Пробовал Манюнчиков молчать, и три дня молчал-таки, хотя и зуд
немалый в языке испытывал, а также в иных частях тела, к пророчествам
вроде бы касательства не имеющих - три дня, и все коту Вячеславу под
хвост, потому как подлец Лихтенштейн при виде душевных терзаний коллеги
взял да и спросил с ехидством: "Ну что, Паша, скоро заговорит наша
Валаамова ослица?!"
Глянул на эрудита взбешенный Манюнчиков, и "Типун тебе на язык!" сам
вырвался, непроизвольно. Не поверил Сашка, улыбнулся, в последний раз
улыбнулся, на неделю вперед, по причине стоматита обширного, от эрудиции,
видимо, и образовавшегося...
И вот однажды сидел удрученный Павел Лаврентьевич в скверике, думу
горькую думая, а рядом с ним старичок подсел, седенький такой, румяный,
бодрый еще - и изложил ему Манюнчиков неожиданно для себя самого всю
историю предсказаний своих несуразных и бед, от них проистекающих.
Не удивился старичок, головкой кругленькой покивал и говорит: "Ничего
экстраординарного я у вас, голубчик, не наблюдаю, обыкновенный синдром
Кассандры, и все тут."
Хотел было Манюнчиков обидеться, но сдержался, и правильно, потому
как изложил ему академический старичок и про пророчицу Кассандру, в
древней Трое проживавшую, и про проклятие Аполлона, за треп
несвоевременный на нее наложенное, так что в предсказания ее никто не
верил, хоть и правду вещала Кассандра, только неприятную весьма, даже для
привычного эллинского слуха неприятную...

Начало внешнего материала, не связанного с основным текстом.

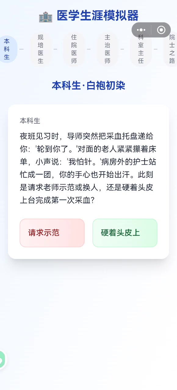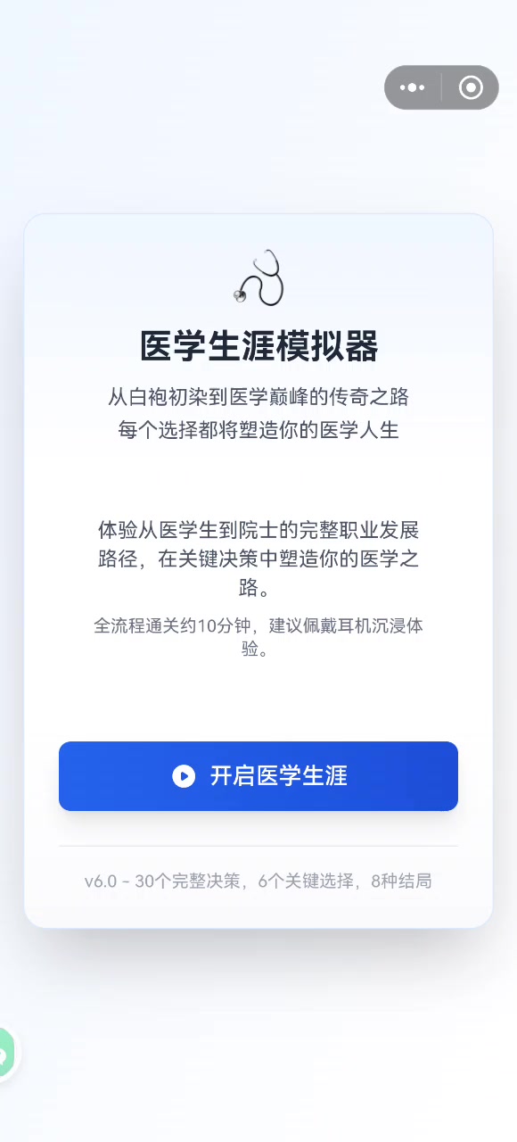 💔 哨声的代价 正义代价,寒风独行 你选择一次次吹响哨声,却也一次次被体制的风雪刮伤。晋升被拖延、手术被卡住、合作被冷却,但你仍把证据递到光里。你成了年轻人的火种,也成了某些人眼中的刺;那些曾与你并肩的背影渐渐远去,只剩你在深夜的灯下整理散落的报告。当孤灯下的诊室只剩你和病历时,你才明白:正义从来不是免费的,但仍值得有人替这个时代支付。 🤖 AI毒舌评价 "“理想主义玩家的医学生涯:用哨声召唤正义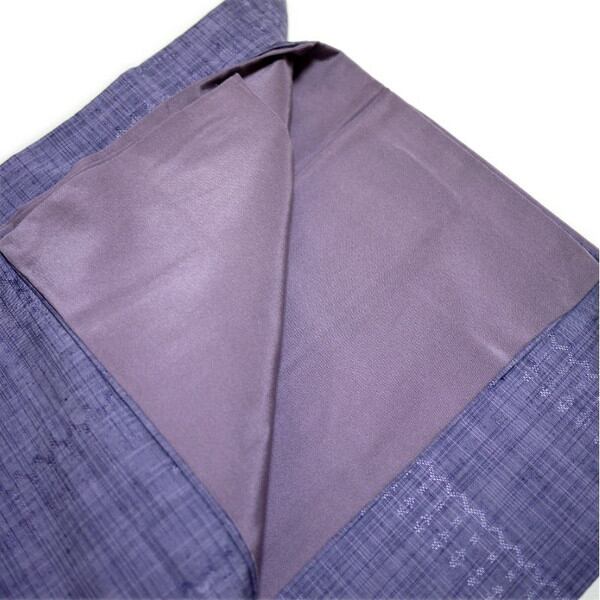 【色 柄】紫色地に細い縦縞柄。全体に刺繍で模様があります。八掛けも紫色。

А в конце лекции своей подал старичок надежду вконец понурившемуся
Павлу Лаврентьевичу.
- Вы, говорит, людям дурное пророчите, вот они вам и не верят, ибо
человек по натуре своей оптимист. Тут, голубчик, связь
причинно-следственная имеется: вам не верят, а оно сбывается. Вот и
найдите кого-то, кто в слова ваши поверит - глядишь, оно тогда и не
сбудется, и вздохнете вы с облегчением...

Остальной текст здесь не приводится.